SUPPLIED MATERIAL —
..........

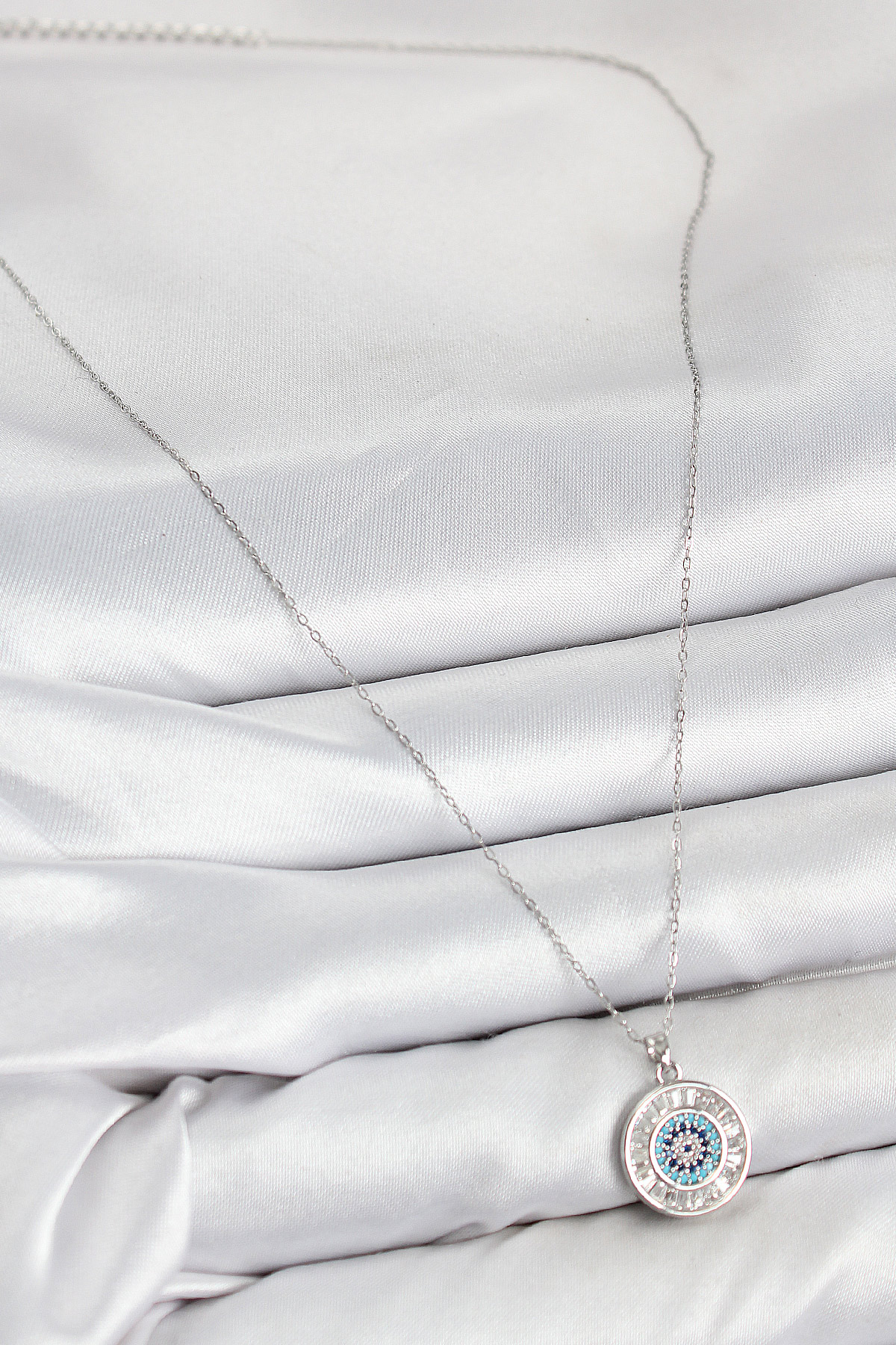 Tegan Pirinç Zirkon Taşlı Su Yolu Nazar Model Gümüş Renk Kadın Kolye TG27BKO10429
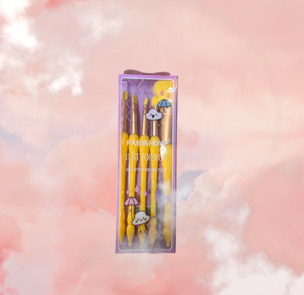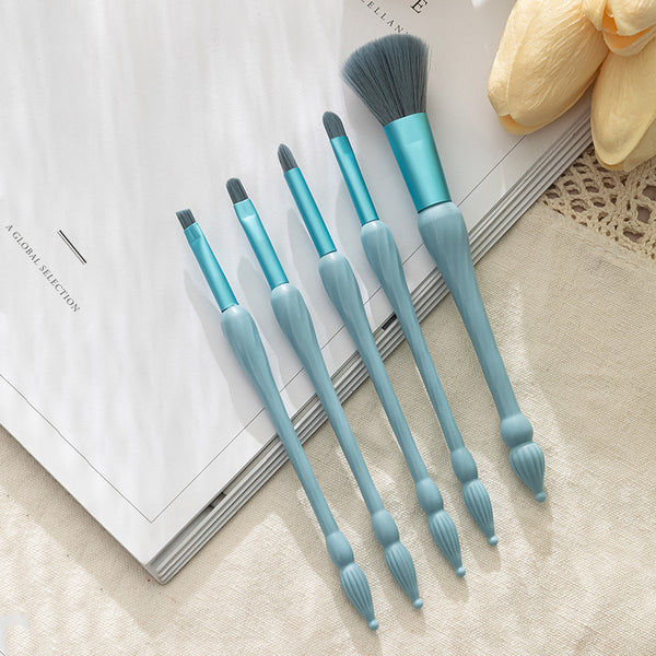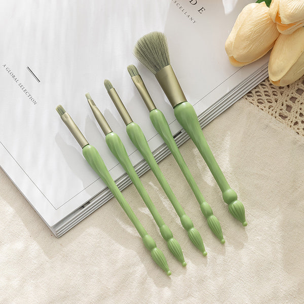 Set me 5 furça me bisht të dizenjuar; Ngjyrat: Lejla, e verdhë, jeshile, blu; Set me furça për sytë dhe blush
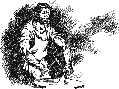 — А ну слегка стукни молоточком… Да не бойся искры, нехай она тебя боится.
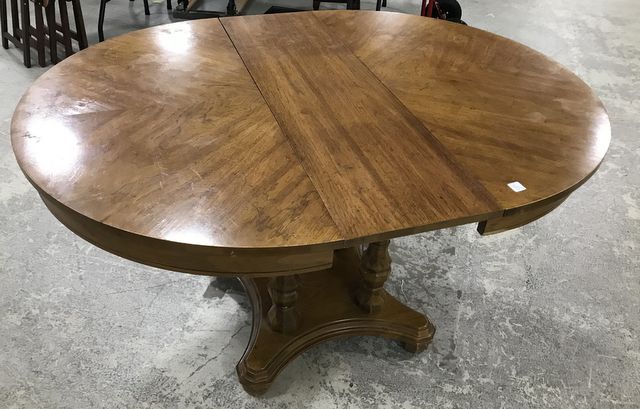 1980's-90's Round Pedestal Dining Table, oval with the single leaf, has light top scratches, and some wear, 30"h., 54"w., 42"d. 1980's-90's Round Pedestal Dining Table, oval with the single leaf, has light top scratches, and some wear, 30"h., 54"w., 42"d.

..........

PROMPT — Give back the material word for word and drop the pictures it holds.

EXERCISE RESPONSE —
 Tegan Pirinç Zirkon Taşlı Su Yolu Nazar Model Gümüş Renk Kadın Kolye TG27BKO10429
 Set me 5 furça me bisht të dizenjuar; Ngjyrat: Lejla, e verdhë, jeshile, blu; Set me furça për sytë dhe blush
 — А ну слегка стукни молоточком… Да не бойся искры, нехай она тебя боится.
 1980's-90's Round Pedestal Dining Table, oval with the single leaf, has light top scratches, and some wear, 30"h., 54"w., 42"d. 1980's-90's Round Pedestal Dining Table, oval with the single leaf, has light top scratches, and some wear, 30"h., 54"w., 42"d.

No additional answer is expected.